Pentecostal Theology and the Christian Spiritual Tradition
Author: Simon Chan
IN THIS book, the Rev Dr Simon Chan has given a highly academic and technical study of Christian spirituality. It is his contribution to the scholarly Journal of Pentecostal Theology known as the Supplementary Series of major theological explorations by leading Pentecostal theologians.
Chan, who teaches Systematic Theology at Trinity Theological College, is a member of the Assemblies of God. He has made a critique of Pentecostal spirituality and has entered into a dialogue with renowned scholars in his own Pentecostalist tradition. He has also analysed the wider Christian spiritual tradition beginning from the Greek Fathers, including the Wesleyan tradition. It is to be noted that the present charismatic movement depends to a great degree on Pentecostal theology.
Pentecost reality is defined as “a certain kind of spiritual experience of an intense, direct and overwhelming nature centring in the person of Christ which they schematise as ‘baptism of the Holy Spirit’.” This seems to be distinctive for Pentecostals and charismatics. For fear of losing its uniqueness they tend to isolate themselves from mainstream Christian spiritual tradition. Chan argues that they must view their distinctiveness as part of the wider spiritual tradition.
Surveys show that the Assemblies of God churches in the United States show no growth and suffer from what Max Weber calls “routinization of charisma”. A good number of members do not speak in tongues or decided to stop speaking in tongus. In looking for novel spiritual experiences they turn to charismatic churches and take in the latest fad.
Chan says: “Spiritual power is being manipulated by charismatic Gnostics and magicians who seem to have access to privileged information about principalities and powers and how to outmanoeuvre them. Instead of serious discipleship we have virtual fan clubs revolving around the mega-church leader. Seldom is worship an encounter with the awesome God; it has become an occasion for cheap thrills and continuous festivity dubiously called ‘praise and worship’.”
May I add that there is far too much celebration in contemporary worship which displaces entirely the solemn traditional worship. We need to strike a wholesome balance and worship with heart and mind and soul.
Chan laments that the Pentecostal experience lacks explanation. The emphasis is on experience without providing fuller interpretation and explanation to others. There is a failure to recognise that the experience is part of the larger Christian spiritual tradition. The basic concepts of Spirit-baptism and glossolalia, or speaking in tongues, are not new but have their early beginnings in Christian history.
The very concept of Spirit-baptism in contrast to baptism needs further elaboration and explanation when Pentecostals claim it to be a distinctive mark of the movement. Is speaking in tongues the essence of Christian spirituality? What is spirituality for those who cannot honestly claim to have the experience of Spirit-baptism and glossolalia? These are some questions that Chan needs to elaborate further.
Chan describes the experiences of “pastors in Singapore who went to Toronto hoping perhaps to get something to kick-start their own church into some kind of revival. The net result of a Toronto pilgrimage is usually two to four weeks of ‘holy laughter’ and then back to exactly where they had been before they began. There is a real danger for Pentecostals to latch on to a questionable tradition and further dissipate the Pentecostal heritage”.

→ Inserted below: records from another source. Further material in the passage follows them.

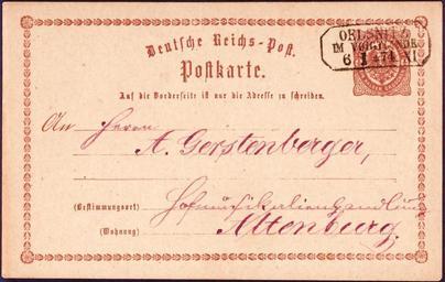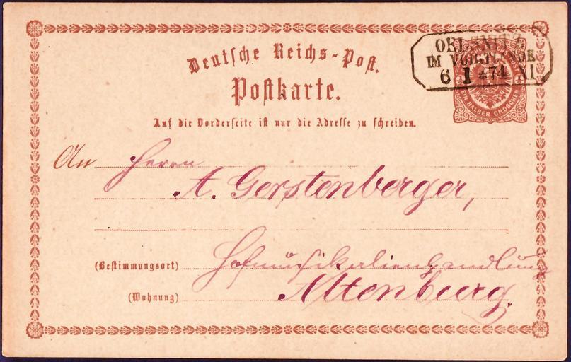 | Keywords: Ganzsachenkarte Oelsnitz 1874 B001.jpg Ganzsachen-Karte der Deutschen Reichspost von Oelsnitz im Vogtland Sachsen nach Altenburg im damaligen Herzogtum Sachsen-Altenburg vom 6 Januar 1874; ½ Groschen braun achteckiger Kastenstempel Postal stationery card of the Deutsche Reichspost from Oelsnitz in the Vogtland Saxony to Altenburg in the former Duchy of Saxony-Altenburg of the 6th January 1874; ½ Groschen; brown; octagonal box postmark scan of original other date 1874-01-06 date of postmark Deutsche Reichspost Postal stationery of Germany Postmarks of Saxony Reichspost PD-old |
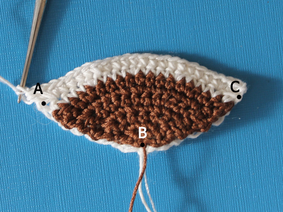 10) 1 hdc at point A, 9 sc from point A to point B, 2 sc at the point B , 9 sc from point B to point C, 1 hdc at point C, ch 1, turn (22)
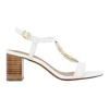 - Leather-wrapped squared heel with a rubber outsole offers elevated design and added grip.
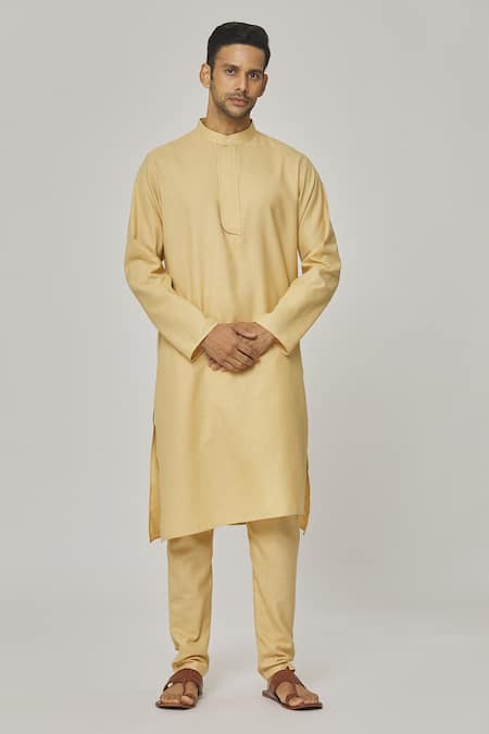 Dawn yellow cotton kurta featuring a band collar and full sleeves. Paired with matching pyjama, it has an asymmetric hemline and front button closure.
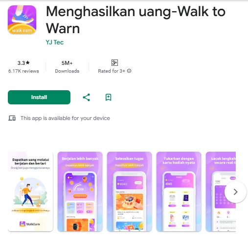 Rekomendasi aplikasi penghasil uang kebugaran ini bisa Anda download gratis di Google Play Store. Cocok untuk Anda berolahraga tapi bisa sambil menghasilkan uang.

Worship in church is an important aspect of spiritual life and the primary act of passing along the Christian tradition. In looking at the churches at worship, Chan levels this criticism: “Current models of worship in charismatic and evangelical circles reveal their respective inadequacies. The charismatic model is usually organised around the singing of praises, as seen in the way the contemporary worship service is called ‘prayer and praise’ or ‘praise and worship’. When worship is largely reduced to a string of praise ditties the aim of worship shifts from encountering God (the ‘internal goods’) to mood creation and possibly psychologically manipulation (the ‘external goods’) …The evangelical model, on the other hand, sometimes suffers from a different kind of reductionism. Here, worship is reduced to preaching. Singing is only a preparation to hear the sermon.”

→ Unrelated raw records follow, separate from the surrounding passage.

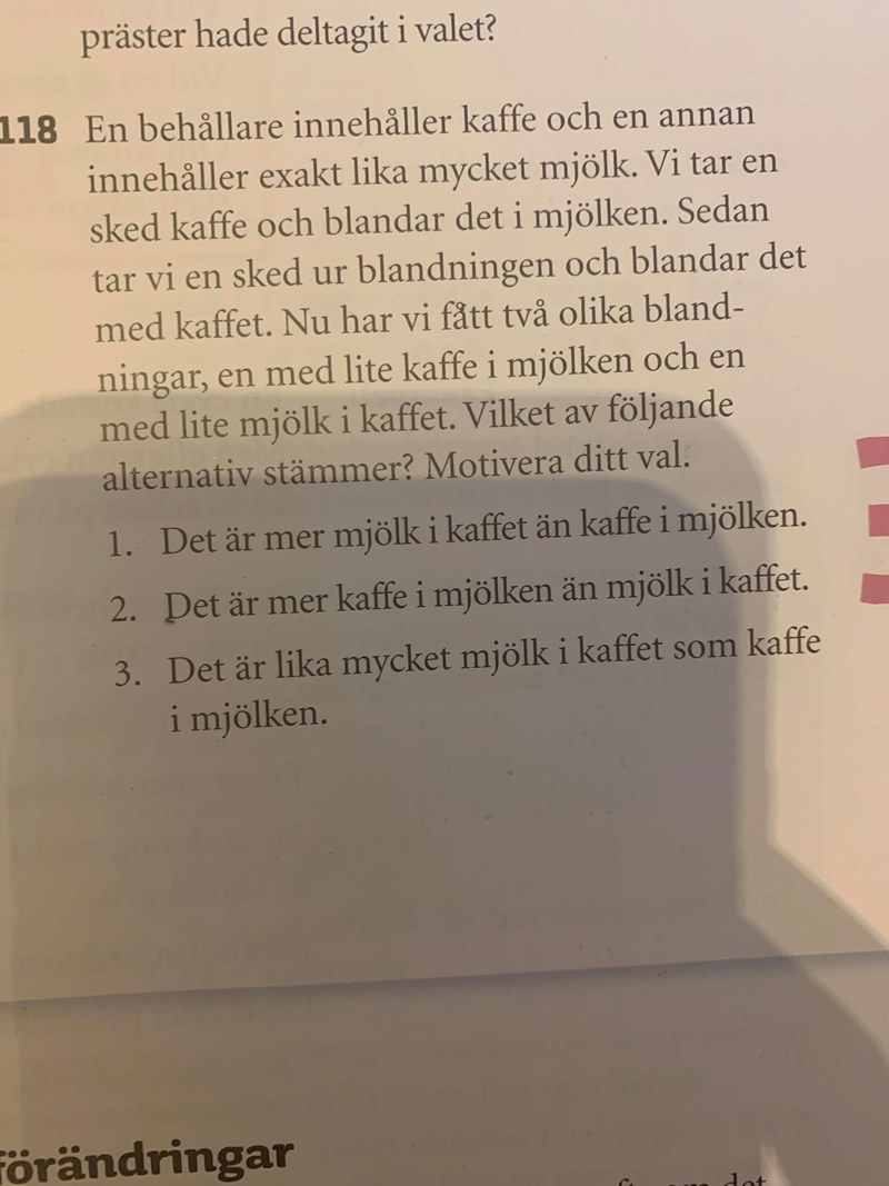 Testa att sätta lite siffror på det. Tänk till exempel att du först flyttar 10g kaffe till möjlken, och sen flyttar tillbaka 8g mjölk och 2g kaffe. Hur mycket kaffe ligger i mjölken och hur mycket mjölk ligger i kaffet? Ändras svaret när vi ändrar siffrorna?
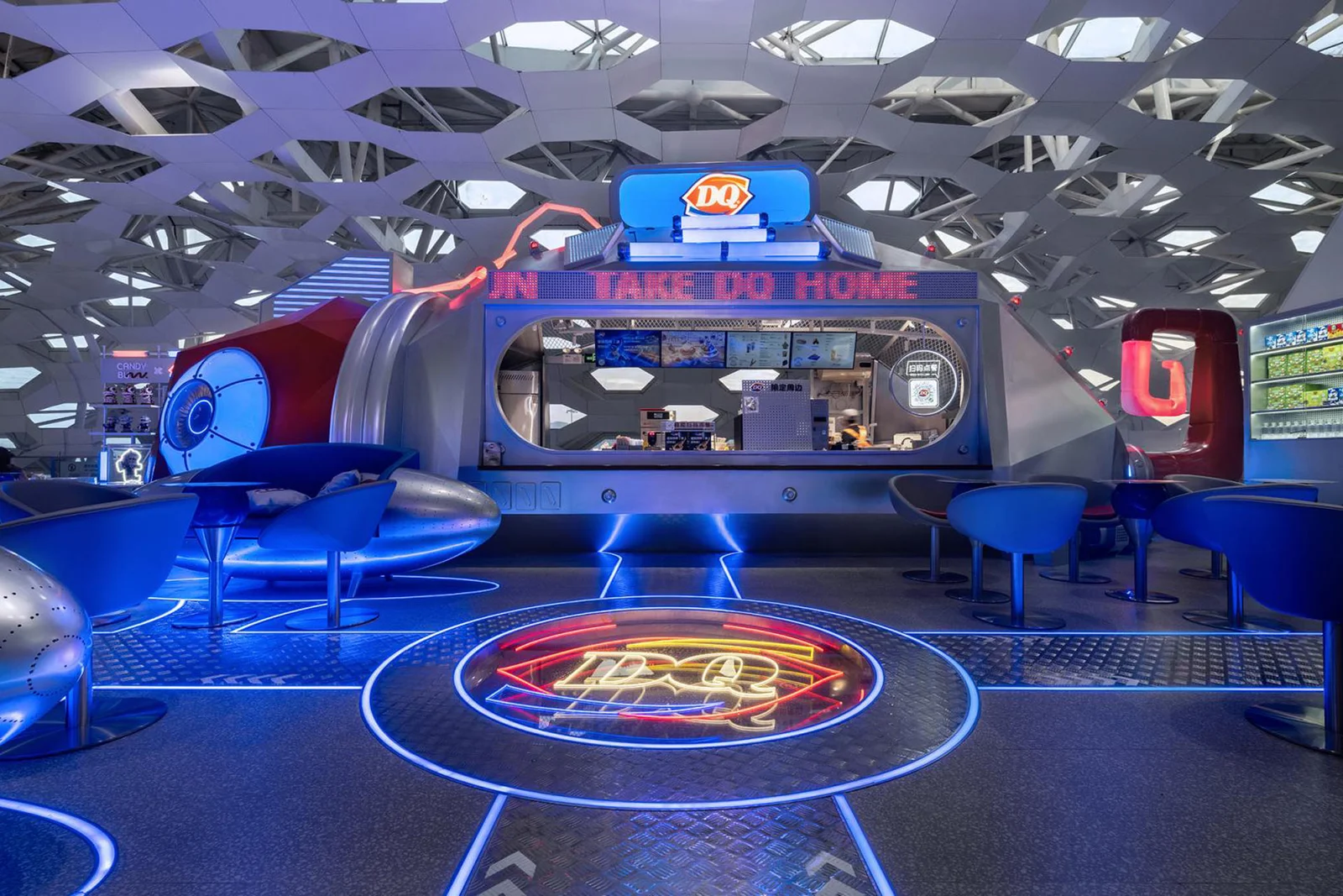 Welcome to the DQ store located within Shenzhen's Bao'an International Airport, a place where you can experience the charm of sleek metal, neon lights, and playful surprises. This 208-square-metre haven, designed by Lion Design, transcends the ordinary retail experience, transporting you to a captivating "Cosmic Space Station."
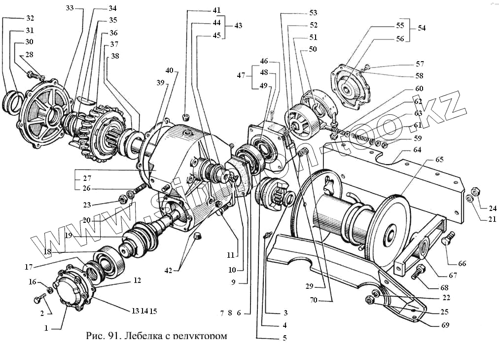 Каталог запасных частей к технике: ГАЗ-3308. Лебедка с редуктором
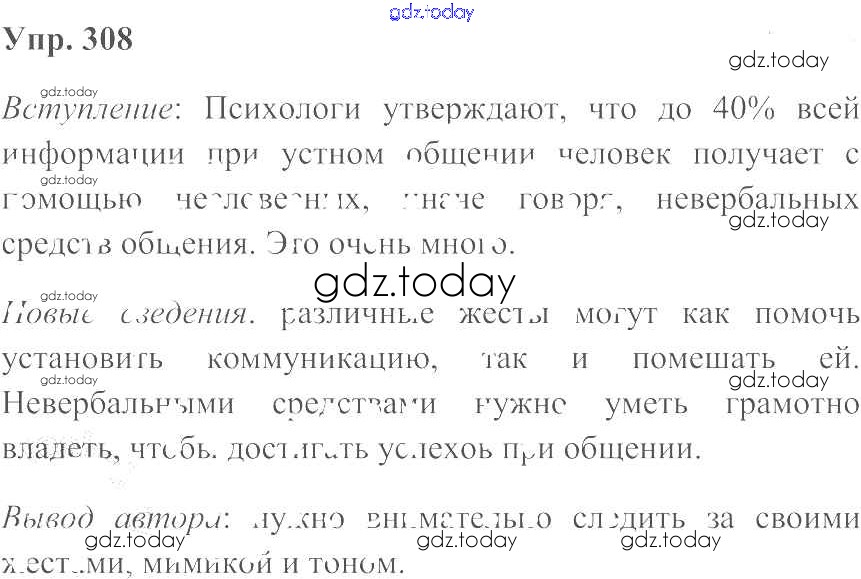 На страницах сайта gdz.today вы найдете учебный и вспомогательный материал, направленный на улучшения знаний школьной программы. ГДЗ - онлайн мир знаний Решение к упражнениям 308 Учебнику по Русскому языку для 7 класса Баранов, Ладыженская Просвещение УМК 2015
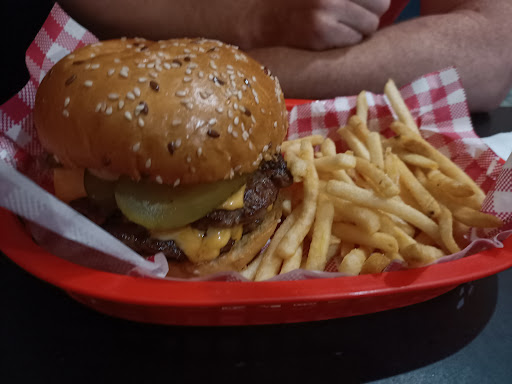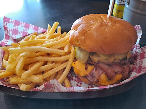 Read moreThe booth seats (see photos) were hard and uncomfortable. The loud music was heavy metal and would not be to everyone's taste. The walls were decorated with posters of ACDC, the Beetles, Bob Dylan and Bowie yet the music was nothing like that. It was not a comfortable atmosphere for dining in. Service was slow, there were not a lot of customers yet it took 25mins for our order to arrive. The menu had a lot of variety. Food was fresh and tasty and the cheddar they've sourced is amazing, but the burgers needed something more. I had the Whole Slayer, (spicy burger). It was the perfect amount of chilli, hot but not overpowering however the burger as a whole was a bit bland. The aioli tasted like plain mayo, it needed some more herbs for flavour. I don't think lettuce is a good idea in the burger as it waters down the spice. Onion rings and chips (shoestring fries) were good but nothing unique, with just...

Historical evidence and biblical precedents do not support the Pentecostal-charismatic belief that glossolalia is the initial evidence of Spirit-baptism. Spirit-baptism itself has more to do with revelation and intimacy than with empowerment for mission. It is revealing that both speaking in tongues and silence are related to intimacy with God. For in mystical tradition the communion with God is such that it is beyond words. This is contemplation and union with God.
As non-Pentecostals listen in to the debate, we have much to learn in the way we understand our own spirituality and the spirituality of our churches..
Every responsible church leader, clergy or lay and respectable theologian, Pentecostal or non-Pentecostal, ought to devote time for a serious and careful study of this thought-provoking book with all its richness of theological insights. It will challenge everyone to re-appraise the practice of worship, prayer, church and sanctification.
The Rev Dr Yap Kim Hao, a member of the Editorial Board, was the first Asian Bishop of The Methodist Church in Malaysia and Singapore.